- **WHAT THE TASK ASKS**: Every line from the top of the records below through the one containing "LwF 是第一个将知识蒸馏应" must be copied exactly, and the pictures must not be.

- **ENTRIES SUPPLIED**:
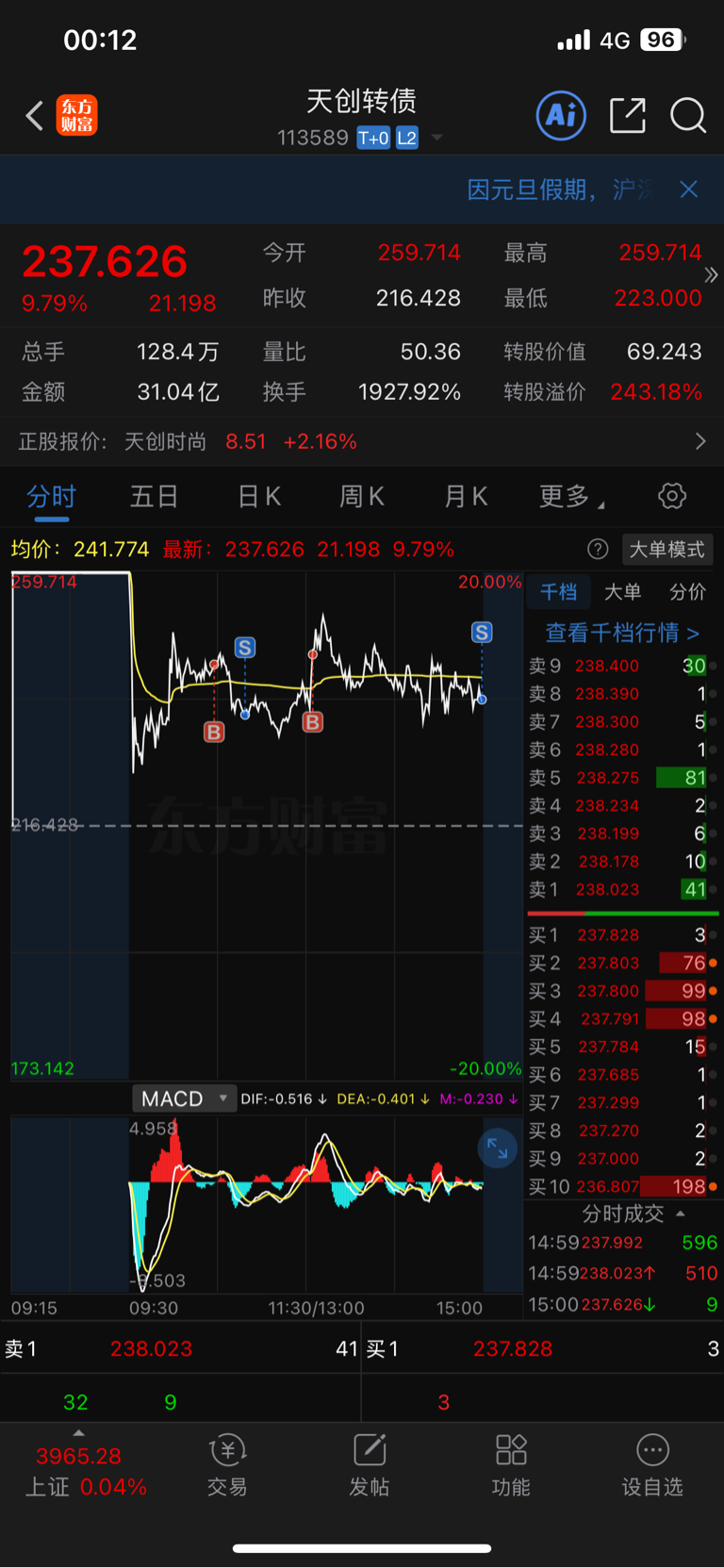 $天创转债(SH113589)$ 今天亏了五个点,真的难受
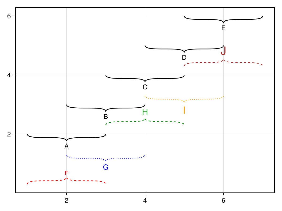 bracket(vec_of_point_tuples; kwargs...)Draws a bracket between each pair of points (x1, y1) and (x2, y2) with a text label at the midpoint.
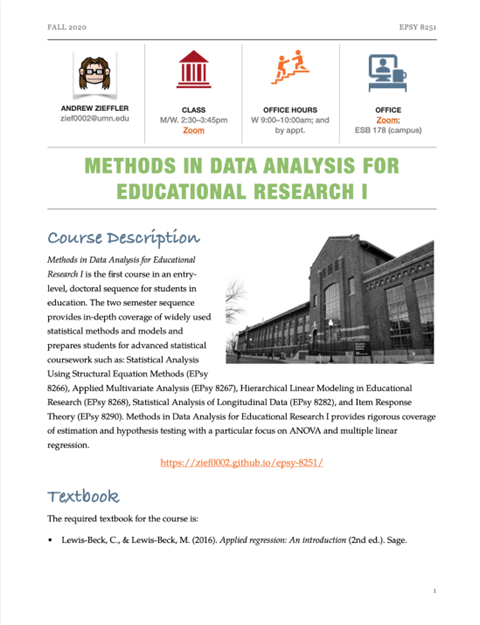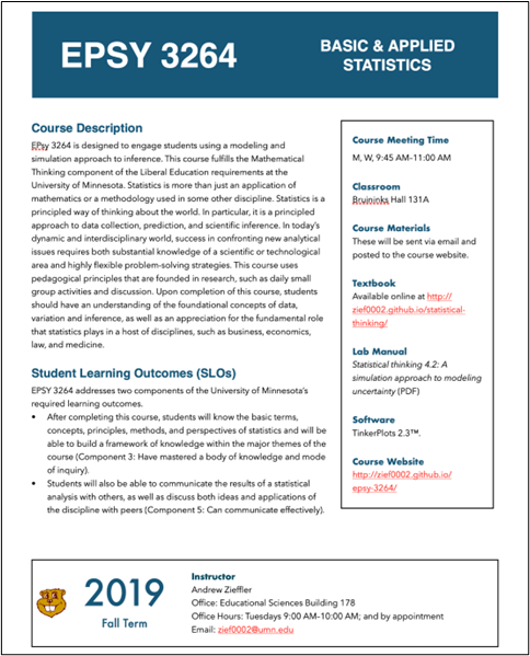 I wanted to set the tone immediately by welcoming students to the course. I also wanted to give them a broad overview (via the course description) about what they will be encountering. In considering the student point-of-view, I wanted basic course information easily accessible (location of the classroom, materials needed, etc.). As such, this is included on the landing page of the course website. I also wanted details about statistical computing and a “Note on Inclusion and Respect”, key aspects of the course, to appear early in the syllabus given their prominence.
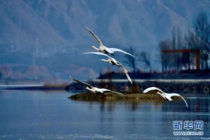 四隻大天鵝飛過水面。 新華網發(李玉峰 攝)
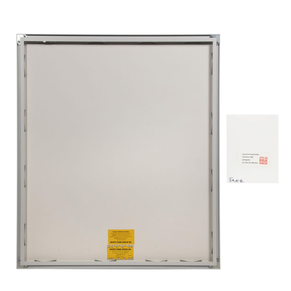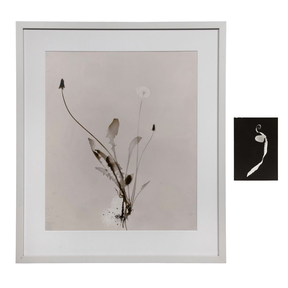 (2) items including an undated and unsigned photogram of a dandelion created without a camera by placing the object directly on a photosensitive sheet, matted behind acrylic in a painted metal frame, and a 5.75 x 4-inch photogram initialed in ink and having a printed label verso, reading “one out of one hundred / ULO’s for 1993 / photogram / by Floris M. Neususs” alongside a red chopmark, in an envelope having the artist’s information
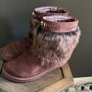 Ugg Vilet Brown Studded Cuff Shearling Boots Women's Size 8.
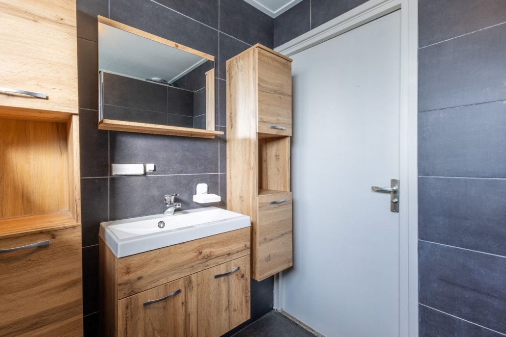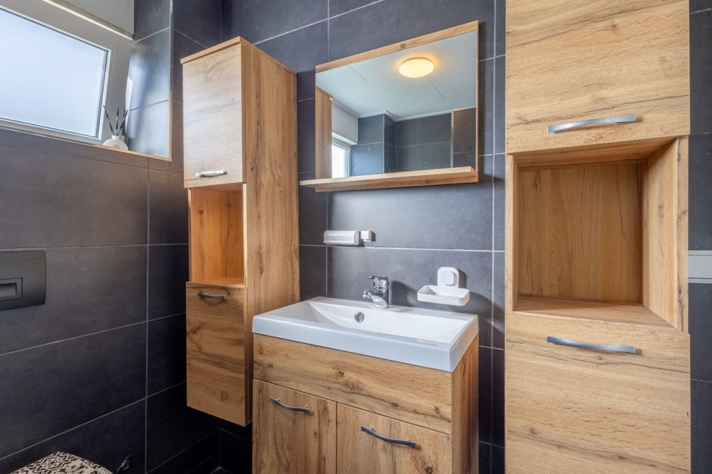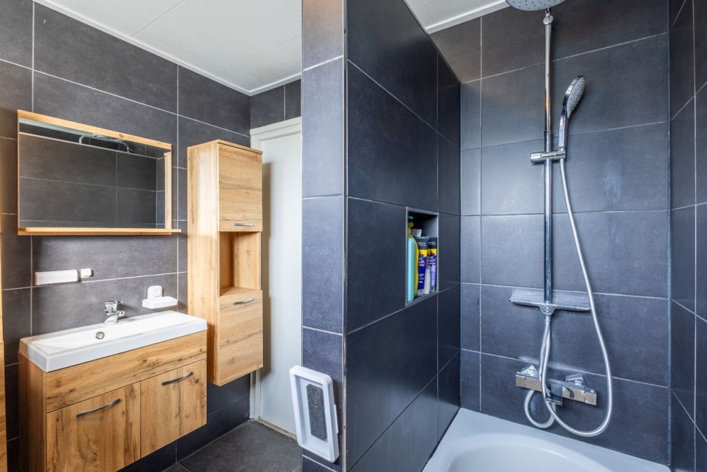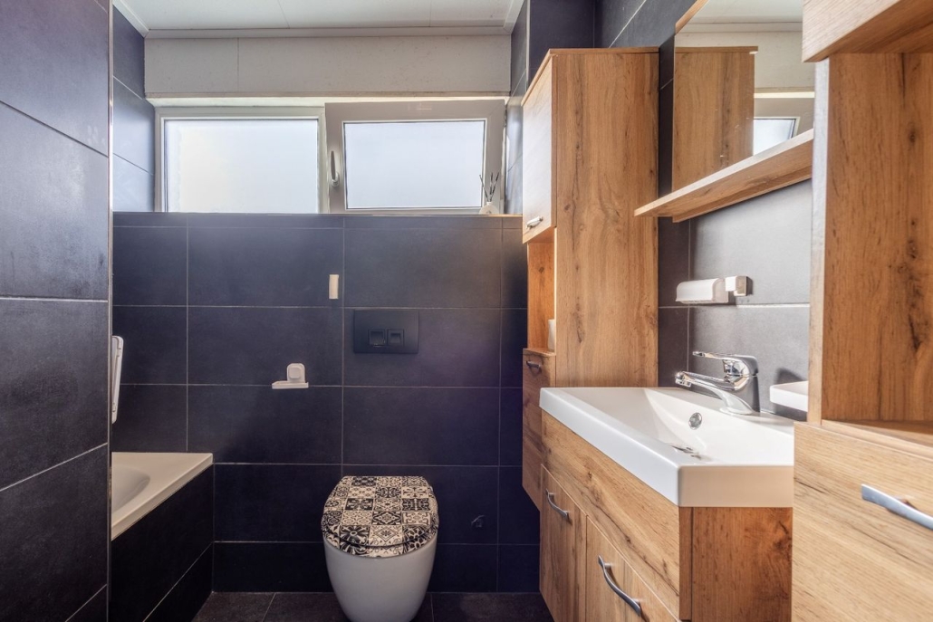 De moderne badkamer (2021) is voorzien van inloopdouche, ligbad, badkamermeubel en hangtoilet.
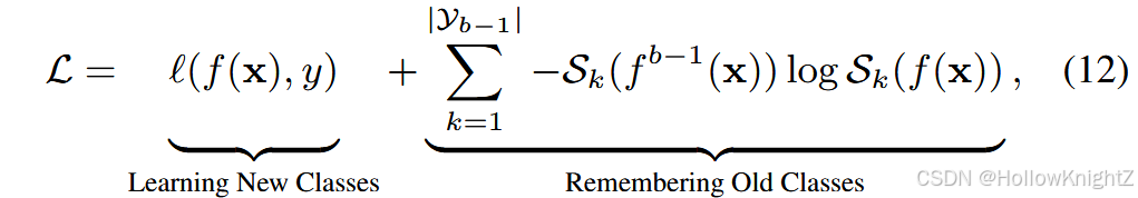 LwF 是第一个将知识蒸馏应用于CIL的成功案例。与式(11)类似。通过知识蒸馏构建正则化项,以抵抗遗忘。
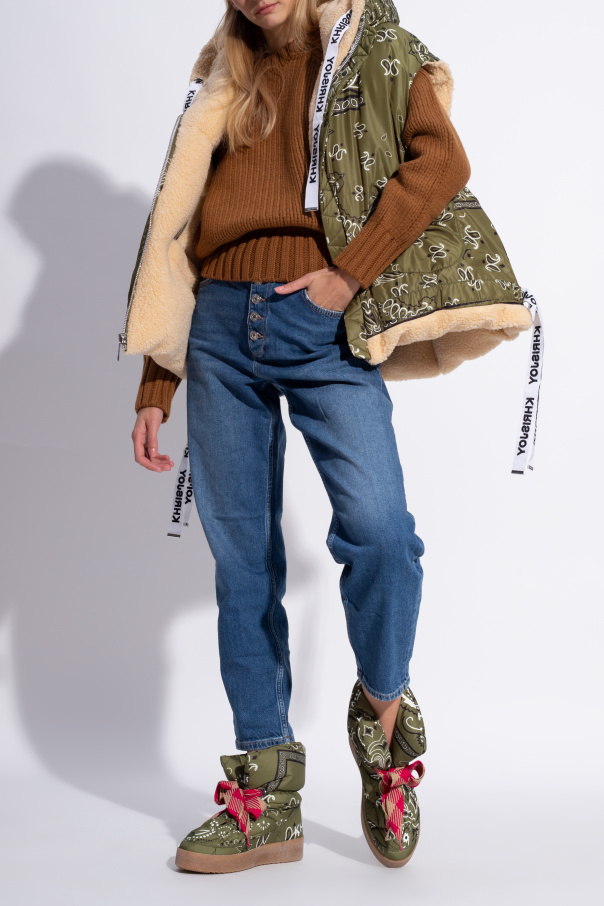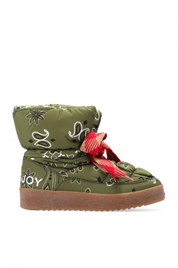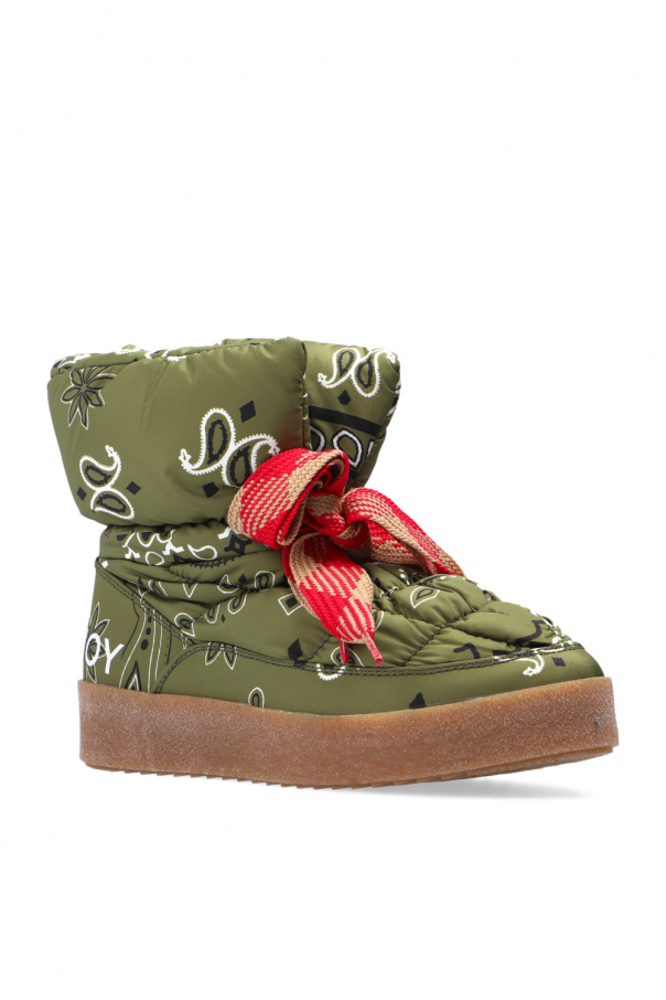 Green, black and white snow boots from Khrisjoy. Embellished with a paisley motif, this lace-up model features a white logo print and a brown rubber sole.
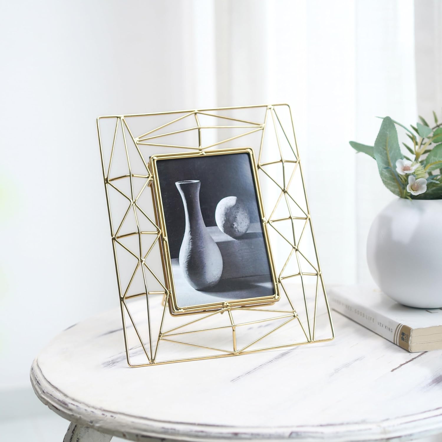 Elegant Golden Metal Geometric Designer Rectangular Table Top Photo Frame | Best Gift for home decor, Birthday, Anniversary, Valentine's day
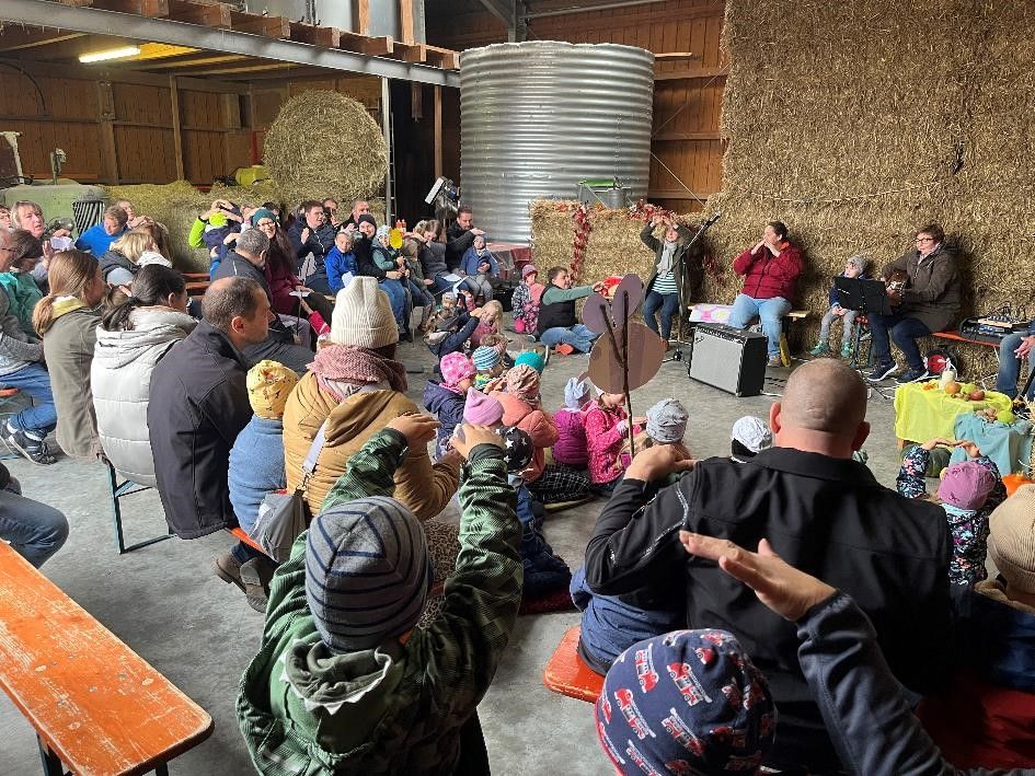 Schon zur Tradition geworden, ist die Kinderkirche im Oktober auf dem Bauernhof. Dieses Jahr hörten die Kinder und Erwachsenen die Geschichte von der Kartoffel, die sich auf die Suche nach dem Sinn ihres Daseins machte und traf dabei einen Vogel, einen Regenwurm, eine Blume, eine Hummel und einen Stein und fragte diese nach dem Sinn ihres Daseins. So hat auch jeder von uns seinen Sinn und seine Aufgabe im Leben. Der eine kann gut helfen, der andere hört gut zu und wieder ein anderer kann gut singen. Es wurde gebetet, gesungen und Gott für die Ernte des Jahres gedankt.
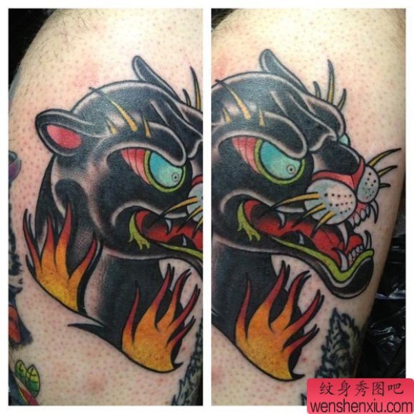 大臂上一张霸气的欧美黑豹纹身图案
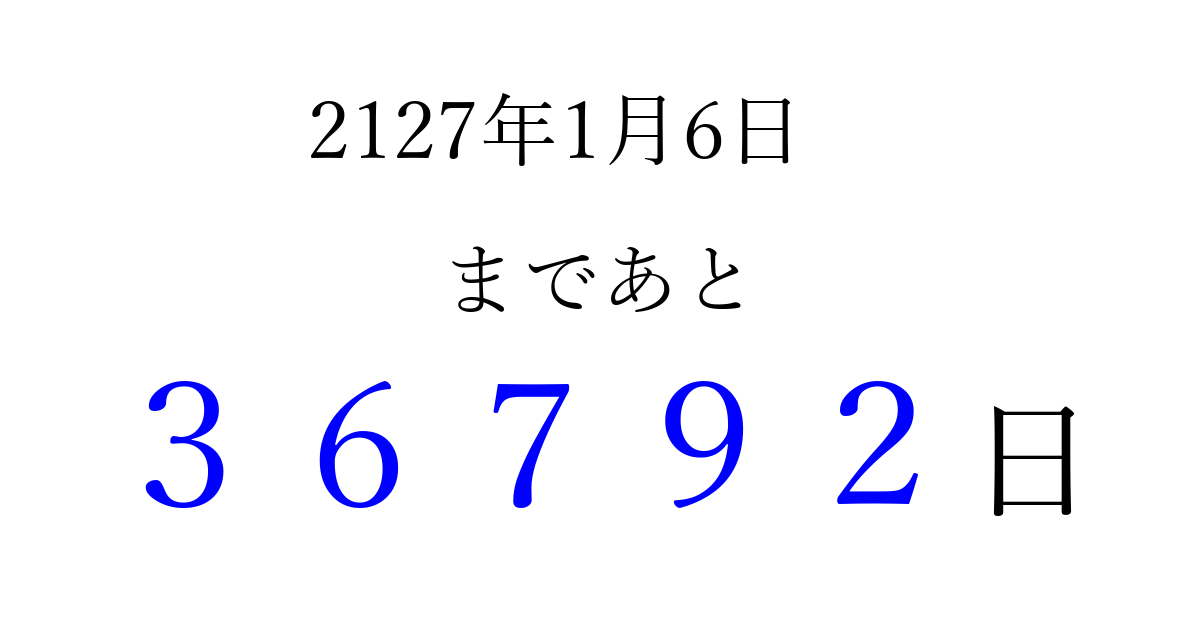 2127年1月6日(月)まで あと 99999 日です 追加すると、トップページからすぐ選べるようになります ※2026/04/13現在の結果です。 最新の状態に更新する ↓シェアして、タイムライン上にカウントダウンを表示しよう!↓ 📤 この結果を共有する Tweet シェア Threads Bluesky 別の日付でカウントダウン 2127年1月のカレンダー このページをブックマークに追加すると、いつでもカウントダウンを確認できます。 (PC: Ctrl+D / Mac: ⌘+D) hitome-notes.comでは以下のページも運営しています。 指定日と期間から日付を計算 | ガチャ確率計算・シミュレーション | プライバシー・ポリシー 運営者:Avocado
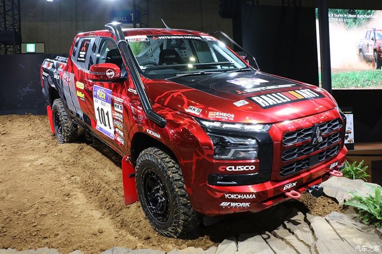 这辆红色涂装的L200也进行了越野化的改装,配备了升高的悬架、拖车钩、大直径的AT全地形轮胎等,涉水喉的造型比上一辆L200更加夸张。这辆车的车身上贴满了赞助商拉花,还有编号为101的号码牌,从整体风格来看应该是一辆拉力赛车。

- **WORKED SOLUTION**:
 $天创转债(SH113589)$ 今天亏了五个点,真的难受
 bracket(vec_of_point_tuples; kwargs...)Draws a bracket between each pair of points (x1, y1) and (x2, y2) with a text label at the midpoint.
 I wanted to set the tone immediately by welcoming students to the course. I also wanted to give them a broad overview (via the course description) about what they will be encountering. In considering the student point-of-view, I wanted basic course information easily accessible (location of the classroom, materials needed, etc.). As such, this is included on the landing page of the course website. I also wanted details about statistical computing and a “Note on Inclusion and Respect”, key aspects of the course, to appear early in the syllabus given their prominence.
 四隻大天鵝飛過水面。 新華網發(李玉峰 攝)
 (2) items including an undated and unsigned photogram of a dandelion created without a camera by placing the object directly on a photosensitive sheet, matted behind acrylic in a painted metal frame, and a 5.75 x 4-inch photogram initialed in ink and having a printed label verso, reading “one out of one hundred / ULO’s for 1993 / photogram / by Floris M. Neususs” alongside a red chopmark, in an envelope having the artist’s information
 Ugg Vilet Brown Studded Cuff Shearling Boots Women's Size 8.
 De moderne badkamer (2021) is voorzien van inloopdouche, ligbad, badkamermeubel en hangtoilet.
 LwF 是第一个将知识蒸馏应用于CIL的成功案例。与式(11)类似。通过知识蒸馏构建正则化项,以抵抗遗忘。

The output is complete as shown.